La dolorosa scomparsa di Pierre Carniti ha giustamente stimolato in molti compagni protagonisti con lui di una irripetibile stagione sindacale un insieme di importanti riflessioni. In particolare, in alcuni...

La dolorosa scomparsa di Pierre Carniti ha giustamente stimolato in molti compagni protagonisti con lui di una irripetibile stagione sindacale un insieme di importanti riflessioni.

In particolare, in alcuni interventi, si è rinnovata l’analisi sulla particolare dimensione che ebbe, in quel tempo, la lotta di classe (elemento totalizzante anche dal punto di vista della vita quotidiana per quanti s’impegnarono in quel contesto) e la trasposizione di questa in una espressione anomala dal punto di vista dell’organizzazione sindacale: i consigli.

 Si può allora ancora sviluppare una riflessione di merito che può risultare utile a comprendere ciò che è stato e, di conseguenza, a fornire prospettive per l’oggi in una situazione che riconosciamo senza difficoltà apparire affatto diversa da quell’epoca.

In particolare il tema principale della discussione che emerge dalla riflessioni dei compagni riguarda le ragioni del “blocco” subito dalla strategia consiliare dopo l’autunno caldo, con la torsione negativa imposta dall’arresto del processo di unità sindacale avvenuto attraverso la costituzione della Federazione CGIL – CISL –UIL formata sulla base di organismi paritari fra le tre organizzazioni.

Si formò così a livello di categoria l’FLM: si aprì un dibattito sul “quarto sindacato”, dibattito che non decollò, i consigli furono relegati in fabbrica (pur continuando per un non breve periodo a rappresentare soggetti di grande rilievo per il riferimento di classe), ripresero fiato le appartenenze partitiche e le conseguenti logiche di componente: il tutto assumendo via via l’ingiustificato moderatismo della linea dell’EUR fino al passaggio topico del decreto di San Valentino.

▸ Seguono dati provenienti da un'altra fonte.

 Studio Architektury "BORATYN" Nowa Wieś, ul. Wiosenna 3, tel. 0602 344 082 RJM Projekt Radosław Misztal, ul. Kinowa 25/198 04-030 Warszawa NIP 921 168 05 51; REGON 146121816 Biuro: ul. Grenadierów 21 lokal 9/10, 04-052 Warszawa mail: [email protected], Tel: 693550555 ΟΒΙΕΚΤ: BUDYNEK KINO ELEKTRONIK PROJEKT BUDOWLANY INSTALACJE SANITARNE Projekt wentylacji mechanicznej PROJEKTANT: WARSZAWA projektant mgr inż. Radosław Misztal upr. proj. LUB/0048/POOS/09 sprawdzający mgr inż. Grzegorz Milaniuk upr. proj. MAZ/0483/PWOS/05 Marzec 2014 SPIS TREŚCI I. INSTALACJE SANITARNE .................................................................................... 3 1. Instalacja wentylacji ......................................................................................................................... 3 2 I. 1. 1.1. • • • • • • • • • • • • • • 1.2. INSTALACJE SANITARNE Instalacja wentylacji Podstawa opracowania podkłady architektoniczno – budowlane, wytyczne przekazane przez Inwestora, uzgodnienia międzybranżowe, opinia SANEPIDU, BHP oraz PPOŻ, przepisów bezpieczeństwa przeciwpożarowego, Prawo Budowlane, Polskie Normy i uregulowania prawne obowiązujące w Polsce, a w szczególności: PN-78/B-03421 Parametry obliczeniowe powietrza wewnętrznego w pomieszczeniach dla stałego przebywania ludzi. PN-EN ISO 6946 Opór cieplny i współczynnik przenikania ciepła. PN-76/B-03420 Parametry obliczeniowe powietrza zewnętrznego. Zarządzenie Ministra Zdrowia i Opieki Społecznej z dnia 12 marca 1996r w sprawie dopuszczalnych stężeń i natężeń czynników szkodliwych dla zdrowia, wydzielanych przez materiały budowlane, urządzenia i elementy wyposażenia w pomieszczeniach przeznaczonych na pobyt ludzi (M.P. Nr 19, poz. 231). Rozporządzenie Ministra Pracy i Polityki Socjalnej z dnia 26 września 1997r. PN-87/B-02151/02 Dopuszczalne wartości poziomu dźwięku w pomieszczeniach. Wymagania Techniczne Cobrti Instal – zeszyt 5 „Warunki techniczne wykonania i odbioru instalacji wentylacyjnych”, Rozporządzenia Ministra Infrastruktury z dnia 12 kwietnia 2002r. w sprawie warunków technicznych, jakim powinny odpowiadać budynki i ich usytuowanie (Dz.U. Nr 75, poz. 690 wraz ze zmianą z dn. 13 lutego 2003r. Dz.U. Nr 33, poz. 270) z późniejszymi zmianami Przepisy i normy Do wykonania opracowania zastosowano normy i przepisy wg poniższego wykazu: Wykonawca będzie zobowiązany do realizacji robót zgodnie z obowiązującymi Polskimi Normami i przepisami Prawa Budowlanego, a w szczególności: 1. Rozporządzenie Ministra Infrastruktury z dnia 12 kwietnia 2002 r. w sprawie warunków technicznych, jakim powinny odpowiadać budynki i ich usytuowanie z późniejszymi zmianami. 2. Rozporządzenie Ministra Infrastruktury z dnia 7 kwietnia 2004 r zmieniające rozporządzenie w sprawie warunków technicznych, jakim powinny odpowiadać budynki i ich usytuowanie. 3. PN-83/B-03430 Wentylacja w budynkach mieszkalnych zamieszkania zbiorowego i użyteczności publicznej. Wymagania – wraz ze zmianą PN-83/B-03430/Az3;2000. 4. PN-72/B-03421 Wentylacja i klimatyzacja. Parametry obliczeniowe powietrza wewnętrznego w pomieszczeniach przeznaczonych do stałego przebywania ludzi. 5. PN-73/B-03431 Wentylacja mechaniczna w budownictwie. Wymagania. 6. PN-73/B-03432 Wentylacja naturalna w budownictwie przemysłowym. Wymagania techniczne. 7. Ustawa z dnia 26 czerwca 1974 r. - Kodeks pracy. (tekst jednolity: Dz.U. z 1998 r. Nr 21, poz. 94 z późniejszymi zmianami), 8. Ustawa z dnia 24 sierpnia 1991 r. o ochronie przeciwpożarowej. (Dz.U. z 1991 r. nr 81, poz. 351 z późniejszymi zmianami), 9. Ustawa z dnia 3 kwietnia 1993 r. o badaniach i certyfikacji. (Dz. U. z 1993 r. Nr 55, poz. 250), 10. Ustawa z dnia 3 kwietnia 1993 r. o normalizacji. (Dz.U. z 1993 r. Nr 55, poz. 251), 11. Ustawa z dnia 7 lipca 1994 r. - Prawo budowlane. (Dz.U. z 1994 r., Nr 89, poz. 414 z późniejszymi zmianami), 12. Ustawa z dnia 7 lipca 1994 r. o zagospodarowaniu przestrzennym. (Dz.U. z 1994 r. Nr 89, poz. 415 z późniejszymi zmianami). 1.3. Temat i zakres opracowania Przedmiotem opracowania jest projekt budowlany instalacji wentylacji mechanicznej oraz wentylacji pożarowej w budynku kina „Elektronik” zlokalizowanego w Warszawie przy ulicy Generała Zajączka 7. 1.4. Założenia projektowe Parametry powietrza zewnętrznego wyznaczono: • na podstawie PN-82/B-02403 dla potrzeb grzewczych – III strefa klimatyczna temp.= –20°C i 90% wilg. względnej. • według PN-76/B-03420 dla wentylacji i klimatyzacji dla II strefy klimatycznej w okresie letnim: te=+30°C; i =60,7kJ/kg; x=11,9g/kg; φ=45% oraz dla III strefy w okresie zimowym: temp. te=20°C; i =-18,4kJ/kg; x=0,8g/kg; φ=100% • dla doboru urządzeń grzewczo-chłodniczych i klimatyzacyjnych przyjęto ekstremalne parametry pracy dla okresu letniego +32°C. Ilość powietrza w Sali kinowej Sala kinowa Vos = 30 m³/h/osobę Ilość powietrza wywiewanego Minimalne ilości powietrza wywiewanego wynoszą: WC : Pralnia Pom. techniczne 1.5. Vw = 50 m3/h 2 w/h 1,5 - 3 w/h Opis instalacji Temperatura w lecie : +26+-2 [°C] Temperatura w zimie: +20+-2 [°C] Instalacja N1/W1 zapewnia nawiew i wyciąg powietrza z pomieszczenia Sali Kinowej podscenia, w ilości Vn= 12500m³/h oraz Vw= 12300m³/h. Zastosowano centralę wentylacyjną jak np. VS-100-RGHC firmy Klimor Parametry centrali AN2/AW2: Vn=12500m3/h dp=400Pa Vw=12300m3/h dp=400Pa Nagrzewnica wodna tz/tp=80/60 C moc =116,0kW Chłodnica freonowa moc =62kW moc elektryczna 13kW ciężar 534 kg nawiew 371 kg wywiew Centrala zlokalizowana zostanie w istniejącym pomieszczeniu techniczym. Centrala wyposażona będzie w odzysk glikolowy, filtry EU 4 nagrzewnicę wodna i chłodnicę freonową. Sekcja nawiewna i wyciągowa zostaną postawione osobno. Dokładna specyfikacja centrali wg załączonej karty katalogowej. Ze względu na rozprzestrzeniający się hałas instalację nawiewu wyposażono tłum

In realtà il punto che intendevo introdurre in questa riflessione riguarda il fatto che l’esaurimento dell’esperienza consiliare e la relativamente modesta incidenza sugli equilibri sociali e politici del Paese è stata dovuta alla mancata possibilità che i consigli contribuissero sul serio alla formazione di un nuovo blocco storico, all’interno del quale sarebbe stato possibile – in quel momento – che risultasse egemone la dimensione della classe.

Un blocco storico agibile politicamente in luogo del sistema di alleanze sociali e politiche fino ad allora consolidate, a partire dall’unità delle sinistre (già incrinata con la formazione del centro – sinistra, ma ancora attiva nelle giunte locali e nella CGIL, attraverso lo schema delle rigide suddivisioni di componente)

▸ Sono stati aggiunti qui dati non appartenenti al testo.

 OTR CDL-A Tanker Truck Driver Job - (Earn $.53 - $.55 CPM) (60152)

Abbiamo avuto in quella fase, diciamo fino all’esplodere dello choc petrolifero di fine ’73, un vero e proprio disequilibrio nel quadro politico originato da una fortissima spinta sociale.

In quella breccia, come scriverebbe Edgar Morin, non si infilò nessuno nonostante sforzi generosi compiuti attraverso lo schermo della visione operaista o delle iniziative di “dissenso” avanzate sia da parte del movimentismo cattolico, sia di derivazione comunista.

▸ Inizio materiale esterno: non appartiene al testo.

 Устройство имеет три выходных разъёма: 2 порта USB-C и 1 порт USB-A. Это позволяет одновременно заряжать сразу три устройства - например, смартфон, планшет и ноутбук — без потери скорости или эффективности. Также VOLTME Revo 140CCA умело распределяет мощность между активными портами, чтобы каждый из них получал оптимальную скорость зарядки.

La classe che era stata protagonista insieme della trasformazione del ciclo produttivo e di se medesima (almeno dal punto di partenza delle grandi migrazioni interne e dell’acquisizione della coscienza di classe all’interno della divisione del lavoro imposta dal ciclo fordista) irruppe dopo una lunga gestione (almeno da Piazza Statuto in poi) nel grembo della società che la accolse benevolmente provvedendo a mutare alcuni dei suoi più importanti canoni di riferimento nel costume quotidiano.

La politica, invece, si richiuse quasi immediatamente nel fortilizio della sua apparentemente immodificabile liturgia.

La politica “ufficiale” fu più tenera e condiscendente con gli studenti, nella convinzione di integrarne presto le ambizioni e rompere la saldatura con la classe operaia che, pure, nell’autunno del 1969 (almeno fino a Piazza della Fontana) si era dimostrata fattore di rivoluzionamento del quadro dato.

 Se ci furono segnali di rottura politica(e ci furono) apparvero come semplici increspature di un mare piatto.

La “politica” e il suo sistema dei partiti si mosse per metabolizzare ciò che stava avvenendo e raccogliere soltanto i frutti maturi dell’aggregazione del consenso che le venivano offerti.

Eppure c’erano condizioni propizie per definire una svolta, ma la forza del patrimonio solidificato negli anni trascorsi dalla Resistenza in avanti si rivelò alla fine, almeno in apparenza vincente: ma mai vittoria si rivelò come quella foriera della sconfitta, presupposto di uno squassamento epocale che avrebbe percorso il ventennio successivo fino alla caduta di tutti i miti.

Il concetto di “blocco storico” rimase sostanzialmente inoperante soprattutto al riguardo della spaccatura verticale, ideologistica, verificatasi nel dopoguerra tra schieramenti politici: da un lato quello che prevedeva l’unità cattolico – conservatrice e dall’altro quello che prevedeva il limitarsi all’egemonia sulla rappresentanza che, per i suoi legami di massa e i suoi collegamenti internazionali,disponeva il partito che incarnava la classe operaia.

I consigli si ridussero (o furono ridotti) a soggetto tra gli altri del sistema di alleanze sociali del proletariato.

Alleanze tradizionalmente costruite come convergenze di interessi lesi anziché come unità degli interessi di classe portati nel vivo di una lotta politica coerente quale elemento fondante del progetto di trasformazione.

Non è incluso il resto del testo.